Exercise
Take the lines below beginning at the line that has "The ability to" and stopping after the line that has "北島園芸さんより、オシャレ色", and print them exactly as they are, with no other lines.

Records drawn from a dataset
▶
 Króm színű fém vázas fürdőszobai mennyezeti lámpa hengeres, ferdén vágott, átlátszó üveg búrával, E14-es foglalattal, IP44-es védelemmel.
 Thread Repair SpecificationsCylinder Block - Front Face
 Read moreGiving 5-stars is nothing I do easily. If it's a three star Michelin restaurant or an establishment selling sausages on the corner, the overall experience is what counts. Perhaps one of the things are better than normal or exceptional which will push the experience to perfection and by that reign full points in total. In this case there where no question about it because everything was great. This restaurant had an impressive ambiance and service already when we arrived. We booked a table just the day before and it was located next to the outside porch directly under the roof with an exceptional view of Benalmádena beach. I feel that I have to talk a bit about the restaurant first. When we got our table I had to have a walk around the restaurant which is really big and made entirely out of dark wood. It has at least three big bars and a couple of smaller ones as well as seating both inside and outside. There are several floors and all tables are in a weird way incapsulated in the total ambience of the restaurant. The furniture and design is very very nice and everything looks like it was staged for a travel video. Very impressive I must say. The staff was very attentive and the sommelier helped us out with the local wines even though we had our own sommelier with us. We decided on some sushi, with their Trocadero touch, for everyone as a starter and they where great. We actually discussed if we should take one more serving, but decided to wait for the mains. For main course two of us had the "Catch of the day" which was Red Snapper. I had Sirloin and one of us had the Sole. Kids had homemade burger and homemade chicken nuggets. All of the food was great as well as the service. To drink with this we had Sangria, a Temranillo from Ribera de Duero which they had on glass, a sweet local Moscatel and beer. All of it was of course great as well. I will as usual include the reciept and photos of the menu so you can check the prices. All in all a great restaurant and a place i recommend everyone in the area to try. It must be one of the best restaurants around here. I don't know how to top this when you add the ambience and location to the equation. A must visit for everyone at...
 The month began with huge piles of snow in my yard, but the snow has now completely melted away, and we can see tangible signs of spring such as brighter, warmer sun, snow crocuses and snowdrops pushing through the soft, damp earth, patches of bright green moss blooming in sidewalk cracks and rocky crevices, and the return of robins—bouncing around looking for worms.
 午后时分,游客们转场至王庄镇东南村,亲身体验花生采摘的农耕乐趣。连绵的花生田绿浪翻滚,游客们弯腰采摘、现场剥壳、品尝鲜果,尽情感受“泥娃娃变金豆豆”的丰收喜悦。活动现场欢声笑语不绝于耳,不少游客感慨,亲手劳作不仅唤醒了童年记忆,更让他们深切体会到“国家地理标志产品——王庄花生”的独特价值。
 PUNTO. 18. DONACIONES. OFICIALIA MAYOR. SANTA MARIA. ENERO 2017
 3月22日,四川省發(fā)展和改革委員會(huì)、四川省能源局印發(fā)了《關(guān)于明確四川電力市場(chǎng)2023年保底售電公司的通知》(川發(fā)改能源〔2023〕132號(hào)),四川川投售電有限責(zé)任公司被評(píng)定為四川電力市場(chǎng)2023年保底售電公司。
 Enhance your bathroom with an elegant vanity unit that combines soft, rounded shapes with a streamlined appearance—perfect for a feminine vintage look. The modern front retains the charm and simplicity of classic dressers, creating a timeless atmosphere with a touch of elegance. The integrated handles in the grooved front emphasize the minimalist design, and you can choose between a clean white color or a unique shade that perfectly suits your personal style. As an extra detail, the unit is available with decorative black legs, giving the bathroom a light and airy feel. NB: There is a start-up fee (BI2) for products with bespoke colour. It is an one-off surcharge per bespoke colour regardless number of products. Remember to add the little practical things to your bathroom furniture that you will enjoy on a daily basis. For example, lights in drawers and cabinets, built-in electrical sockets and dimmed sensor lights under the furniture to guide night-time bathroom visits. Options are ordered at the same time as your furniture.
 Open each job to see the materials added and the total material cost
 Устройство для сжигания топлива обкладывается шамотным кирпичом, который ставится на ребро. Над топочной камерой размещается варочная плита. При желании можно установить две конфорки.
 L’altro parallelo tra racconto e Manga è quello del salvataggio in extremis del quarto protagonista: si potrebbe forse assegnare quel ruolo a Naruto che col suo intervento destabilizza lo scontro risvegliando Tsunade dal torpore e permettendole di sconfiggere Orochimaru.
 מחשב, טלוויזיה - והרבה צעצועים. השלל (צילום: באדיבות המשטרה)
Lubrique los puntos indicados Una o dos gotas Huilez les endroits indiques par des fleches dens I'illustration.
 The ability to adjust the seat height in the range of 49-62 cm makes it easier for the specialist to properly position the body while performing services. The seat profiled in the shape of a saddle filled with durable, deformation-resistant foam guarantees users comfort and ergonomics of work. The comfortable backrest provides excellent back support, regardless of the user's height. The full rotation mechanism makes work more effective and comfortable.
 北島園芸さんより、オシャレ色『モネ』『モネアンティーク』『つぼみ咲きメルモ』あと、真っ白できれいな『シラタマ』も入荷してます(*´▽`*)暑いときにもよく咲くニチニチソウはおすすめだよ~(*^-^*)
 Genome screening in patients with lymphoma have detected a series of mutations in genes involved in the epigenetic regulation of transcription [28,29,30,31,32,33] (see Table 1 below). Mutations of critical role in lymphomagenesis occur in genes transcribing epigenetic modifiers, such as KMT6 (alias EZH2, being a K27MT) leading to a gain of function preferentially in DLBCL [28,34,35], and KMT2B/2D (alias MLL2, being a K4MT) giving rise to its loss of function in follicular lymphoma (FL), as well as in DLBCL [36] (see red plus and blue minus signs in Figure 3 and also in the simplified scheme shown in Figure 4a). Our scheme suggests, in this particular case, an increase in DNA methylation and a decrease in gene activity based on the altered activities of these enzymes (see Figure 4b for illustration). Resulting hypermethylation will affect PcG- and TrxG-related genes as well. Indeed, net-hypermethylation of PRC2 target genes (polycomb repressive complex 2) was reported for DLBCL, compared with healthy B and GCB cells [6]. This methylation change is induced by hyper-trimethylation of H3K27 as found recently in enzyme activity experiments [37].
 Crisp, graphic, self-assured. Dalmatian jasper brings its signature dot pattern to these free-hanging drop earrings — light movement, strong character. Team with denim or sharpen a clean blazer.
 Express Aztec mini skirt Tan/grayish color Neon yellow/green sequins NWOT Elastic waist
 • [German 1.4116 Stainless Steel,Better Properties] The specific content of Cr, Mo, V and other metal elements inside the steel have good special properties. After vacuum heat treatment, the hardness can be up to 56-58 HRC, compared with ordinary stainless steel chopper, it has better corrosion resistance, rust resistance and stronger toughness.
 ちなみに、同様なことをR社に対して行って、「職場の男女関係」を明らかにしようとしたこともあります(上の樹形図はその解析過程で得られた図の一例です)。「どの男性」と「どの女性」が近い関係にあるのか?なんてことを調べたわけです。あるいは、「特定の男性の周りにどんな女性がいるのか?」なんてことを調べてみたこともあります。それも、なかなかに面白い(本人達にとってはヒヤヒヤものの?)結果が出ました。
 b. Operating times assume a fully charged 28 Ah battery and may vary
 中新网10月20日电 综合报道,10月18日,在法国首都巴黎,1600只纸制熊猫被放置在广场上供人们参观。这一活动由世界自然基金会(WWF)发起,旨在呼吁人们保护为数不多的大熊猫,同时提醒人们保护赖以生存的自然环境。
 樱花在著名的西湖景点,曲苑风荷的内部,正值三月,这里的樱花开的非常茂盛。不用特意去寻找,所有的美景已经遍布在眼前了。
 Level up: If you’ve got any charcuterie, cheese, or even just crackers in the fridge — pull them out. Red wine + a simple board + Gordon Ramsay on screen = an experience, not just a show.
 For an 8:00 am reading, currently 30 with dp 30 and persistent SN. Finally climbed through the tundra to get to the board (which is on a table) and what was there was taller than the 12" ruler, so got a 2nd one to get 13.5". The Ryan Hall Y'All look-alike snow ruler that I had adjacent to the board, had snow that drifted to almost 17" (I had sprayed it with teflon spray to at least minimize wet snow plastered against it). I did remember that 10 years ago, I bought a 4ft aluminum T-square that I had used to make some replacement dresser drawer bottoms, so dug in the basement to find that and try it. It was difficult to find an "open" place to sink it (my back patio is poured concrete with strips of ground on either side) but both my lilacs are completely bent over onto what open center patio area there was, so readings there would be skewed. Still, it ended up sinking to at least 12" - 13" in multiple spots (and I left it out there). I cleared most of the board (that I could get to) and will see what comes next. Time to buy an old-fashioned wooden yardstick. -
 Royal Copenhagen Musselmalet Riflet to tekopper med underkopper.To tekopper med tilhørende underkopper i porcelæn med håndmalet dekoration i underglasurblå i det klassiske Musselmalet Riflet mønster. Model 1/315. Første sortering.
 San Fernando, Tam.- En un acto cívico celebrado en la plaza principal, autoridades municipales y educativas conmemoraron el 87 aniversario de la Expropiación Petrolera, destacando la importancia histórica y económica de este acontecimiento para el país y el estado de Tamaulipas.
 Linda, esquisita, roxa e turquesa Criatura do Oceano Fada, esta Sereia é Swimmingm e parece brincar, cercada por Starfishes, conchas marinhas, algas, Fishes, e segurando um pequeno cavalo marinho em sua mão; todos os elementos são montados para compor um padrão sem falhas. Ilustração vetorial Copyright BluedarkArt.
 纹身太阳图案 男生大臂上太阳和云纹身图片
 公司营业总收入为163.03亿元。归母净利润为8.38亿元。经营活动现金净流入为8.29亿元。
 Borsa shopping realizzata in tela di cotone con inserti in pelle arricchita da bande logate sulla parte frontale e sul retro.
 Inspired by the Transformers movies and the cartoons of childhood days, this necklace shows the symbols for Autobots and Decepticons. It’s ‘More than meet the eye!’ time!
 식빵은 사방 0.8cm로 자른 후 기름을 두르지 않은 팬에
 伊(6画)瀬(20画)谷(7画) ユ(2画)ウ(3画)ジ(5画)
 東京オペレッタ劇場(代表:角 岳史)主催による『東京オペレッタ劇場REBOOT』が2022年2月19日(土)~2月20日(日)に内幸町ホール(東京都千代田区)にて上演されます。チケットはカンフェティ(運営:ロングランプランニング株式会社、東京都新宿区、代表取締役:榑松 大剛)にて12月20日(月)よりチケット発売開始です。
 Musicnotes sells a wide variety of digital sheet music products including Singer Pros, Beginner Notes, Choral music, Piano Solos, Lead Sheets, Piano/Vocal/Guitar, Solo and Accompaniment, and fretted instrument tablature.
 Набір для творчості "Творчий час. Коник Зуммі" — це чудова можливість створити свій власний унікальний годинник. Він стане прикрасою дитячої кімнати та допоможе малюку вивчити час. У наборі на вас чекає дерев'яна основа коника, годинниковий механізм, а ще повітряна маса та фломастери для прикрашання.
◀
Final answer
 The ability to adjust the seat height in the range of 49-62 cm makes it easier for the specialist to properly position the body while performing services. The seat profiled in the shape of a saddle filled with durable, deformation-resistant foam guarantees users comfort and ergonomics of work. The comfortable backrest provides excellent back support, regardless of the user's height. The full rotation mechanism makes work more effective and comfortable.
 北島園芸さんより、オシャレ色『モネ』『モネアンティーク』『つぼみ咲きメルモ』あと、真っ白できれいな『シラタマ』も入荷してます(*´▽`*)暑いときにもよく咲くニチニチソウはおすすめだよ~(*^-^*)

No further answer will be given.